Surviving the Tidal Wave

Pharma needs new strategies in the face of a 'tidal wave' of costly and complex diseases.

Disease is getting more complex, development costs are skyrocketing and payers are demanding value-based, real-world assessment to counter the rising cost of healthcare – the dilemma facing pharma is well known.

Following the publication of a new report, Facing the Tidal Wave, a Partner at Deloitte, Hanno Ronte, shares some of the emerging strategies that pharma can employ to manage risk and simultaneously pursue innovation in drug development.

A tidal wave?

The healthcare equivalent of global warming, the tidal wave Deloitte refers to is the growing complexity of disease. In the past decades, pharma has been very successful in developing highly effective medicines and vaccines that have increased life expectancy and improved quality of life for many patients.

However, the associated costs of age-related illnesses such as cancer and dementia, as well as behavior-related conditions such as obesity and diabetes, have swelled. The prevalence of ‘metabolic syndrome’ across US and UK hospital patient populations might only be 5%, but it accounts for 35-40% of hospital costs.

Meanwhile, our knowledge on illnesses – life-threatening, chronic, orphan – and their causes/pathways is broadening, while developments in genomics have expanded our understanding of individual genetic responses to therapies. Precision medicines with small-to-medium-sized patient populations are demanding attention from the healthcare system.

Along with this tidal wave of diseases, pharma companies are being asked to identify and address a broad range of patient clinical requirements, a task made even more challenging by the widespread adoption of cost-containment policies and ever-greater scrutiny of prices and value.

“The payer will always take the best drug,” says Ronte. “Reimbursement is in a ‘winner take more’ mode, and pharma needs to reduce the risks for payers. Innovation is important to create solutions that meet patient and healthcare system needs – otherwise we will not be able to deal with the tidal wave.”

There are three categories of risks in drug development, he says. The first is scientific risk; the very slim chance any drug has of even reaching the market. Here, Ronte says that companies must drive research efficiency: “There is a need to increase the quality of hypothesis,” he says.

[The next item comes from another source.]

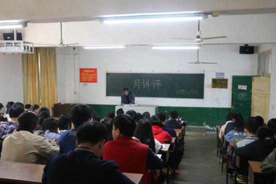 2017年4月26日下午4点,化学化工学院于四教102开展月讲评活动,党总支副书记张建国担任此次活动的主讲,学办老师易苏、李娥君以及全院干部参加了本次讲评活动。

The second category is economic risk; the astronomical cost of drug development along with a reduction or deceleration in sales. Pharma companies must come up with a price that covers R&D and innovation costs, while also compensating for slumping sales. At the same time, the price needs to fall within the value criteria set by payers.

Delivery risk is the final category; the risk that physicians will not prescribe, patients will not take and payers will not reimburse a new drug. With the urgent need to contain health costs, many payers are reluctant to grant high prices and frequent reimbursement, and pharma companies must be able to accurately trace and quantify health and economic outcomes to demonstrate value.

Innovation is important across all aspects of the value chain, not just in the new molecule itself. Innovation in commercial and service delivery to realize the potential will become a differentiator.

The risk profile varies for every product, depending on the target patient population, the economic capability of the company, and the general payer landscape, says Ronte. “Pharma already has diverging operating models – think of companies focusing on generics or those in specialized medicines versus primary care. We believe this is more likely to become pronounced, and that the way in which these different diseases are served by pharma will continue to evolve.”

He offers a clarification; innovation is not limited to clinical advancements, it is also about managing risk. For this reason, innovation must be viewed from a wide perspective. “Innovation is important across all aspects of the value chain, not just in the new molecule itself. Innovation in commercial and service delivery to realize the potential will become a differentiator,” says Ronte.

Developing the pharma business model

Many companies are shifting from product-oriented to service-oriented, in order to demonstrate value, yet Ronte warns that repositioning can be difficult and can potentially dilute margins, increase liabilities and add operational complexity. To optimize such a repositioning, ensuring that stakeholders feel there are benefits to such a model change, companies must develop and sharpen the ability to focus on de-risking and producing innovation.

The report outlines seven strategies to de-risk the pharma business model and generate value. They are:

1. Continuous R&D innovation – reducing scientific risk by improving research effectiveness, collaborating with a range of partners, hiring multidisciplinary staff, and practicing destructive creativity

2. Collaborative directed research – reducing economic risk by involving outside funders or government bodies to direct the research based on unmet need (eg, public and private funding of vaccination research for Zika and Ebola)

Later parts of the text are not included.